Exercise   Expiration   September 30,  
Price   Date   2012  
$ 0.88   5/11/2014     15,428  
$ 1.00   9/15/2017     1,379,376  
$ 1.125   12/28/2012     97,679  
$ 1.25   5/11/2014 to 12/31/2014     120,280  
$ 1.50   12/31/2012 to 9/4/2017     475,000  
$ 1.75   12/31/2013     577,784  
$ 2.00   8/3/2013 to 9/15/2017     604,000  
$ 2.50   5/11/2014     492,004  
$ 2.625   12/31/2013     480,134  
$ 2.75   2/28/2017     272,724  
$ 2.80   4/2/2015     50,000  
$ 3.00   5/11/2015 to 2/13/2016     563,025  
               
            5,127,434  

 

2012 Exchange Agreement with Platinum

 

On June 29, 2012, the Company and Platinum entered into an Exchange Agreement (the “2012 Exchange Agreement”) pursuant to which the Company agreed to issue Platinum 62,945 shares of its Series A Preferred in exchange for 629,450 shares of common stock owned by Platinum, in consideration for Platinum’s agreement to purchase from the Company the July 2012 Platinum Note, as described in Note 7, Convertible Promissory Notes and Other Notes Payable.
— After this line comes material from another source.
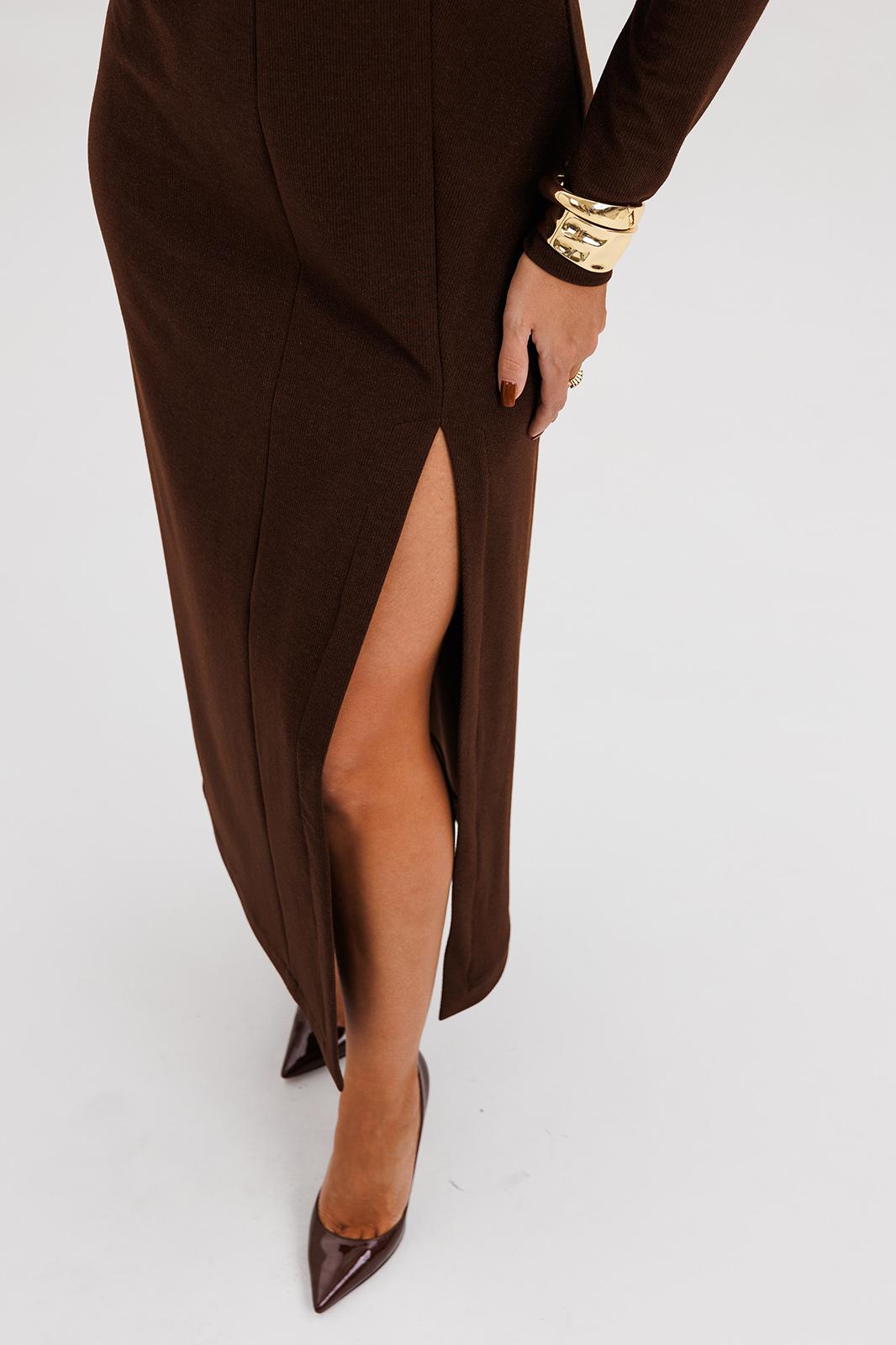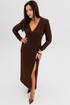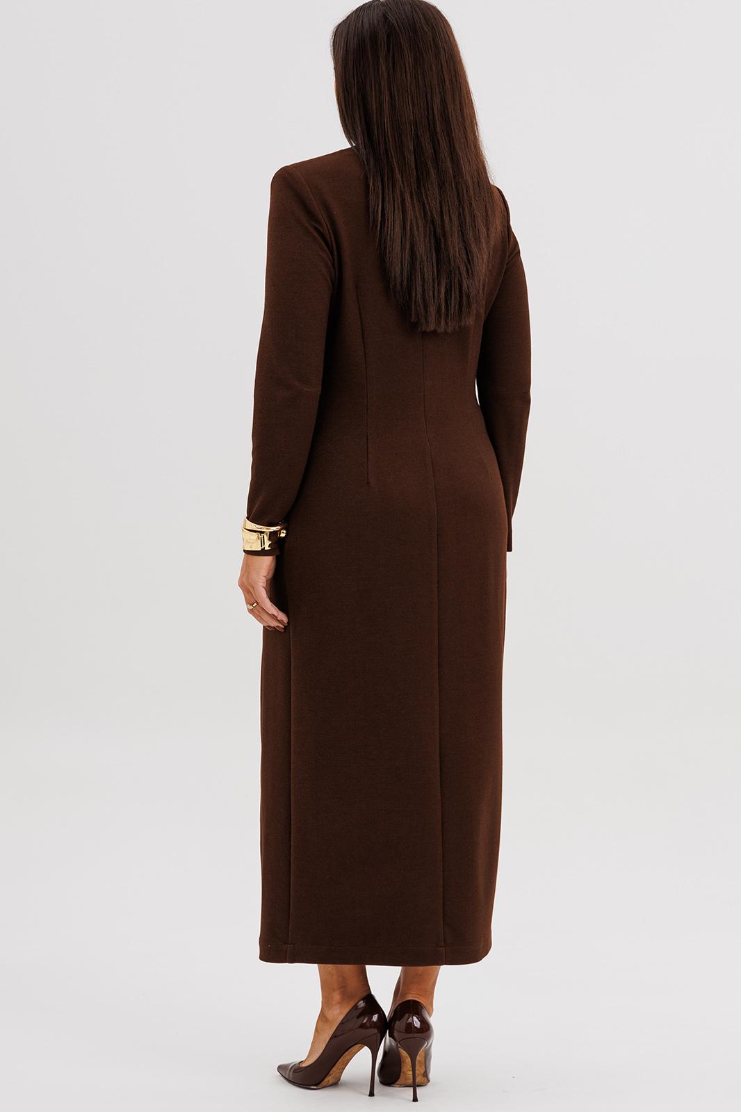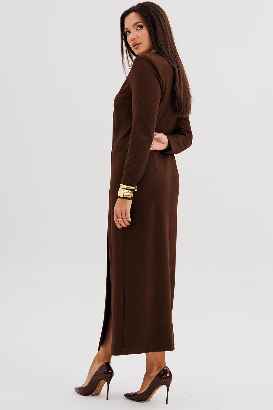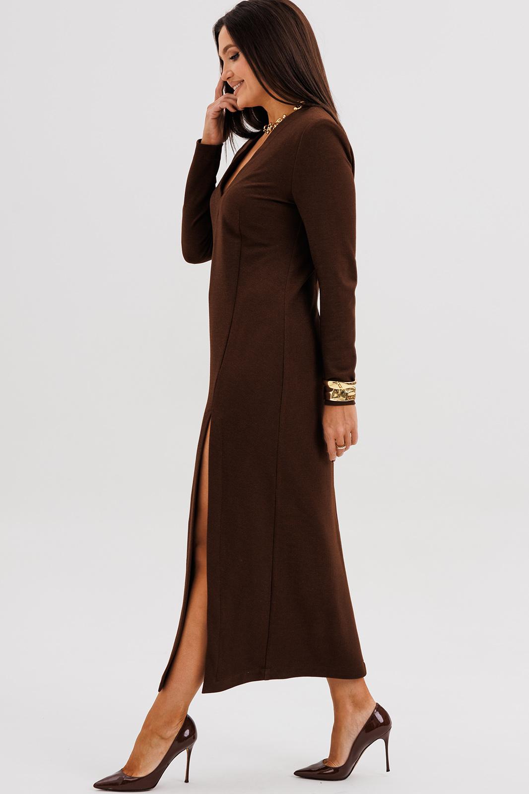 Шикарное платье из мягкого трикотажного полотна с едва заметным вкраплением люрекса — идеальное сочетание комфорта и элегантности. Втачной крой с лёгким прилеганием подчёркивает силуэт, а асимметричный рельеф визуально вытягивает фигуру, добавляя образу динамики. Глубокий V-вырез создаёт женственный акцент, а эффектный разрез спереди придаёт образу уверенность и утончённую привлекательность.

Under the terms of the 2012 Exchange Agreement, Platinum, at its option, may exchange all or a portion of its Series A Preferred for the securities issued in connection with a qualified financing, an equity or equity-based financing, or series of financing transactions resulting in gross proceeds to the Company of at least $3.0 million, based on the stated value of $15.00 per share of Series A Preferred.  The Company estimated the fair value of the shares of Series A Preferred tendered to Platinum under the terms of the 2012 Exchange Agreement at $736,500 ($1.17 per share on a common share equivalent basis). Following the issuance of the Series A Preferred pursuant to the 2012 Exchange Agreement, Platinum owns all 500,000 authorized and outstanding shares of the Company’s Series A Preferred, each share of which is convertible into ten shares of the Company’s common stock.  The common shares that were exchanged for shares of Series A Preferred are treated as Treasury Stock in the accompanying Condensed Consolidated Balance Sheet at September 30, 2012.  See Note 11, Subsequent Events, regarding the Series A Preferred Exchange component of the October 2012 agreement between the Company and Platinum.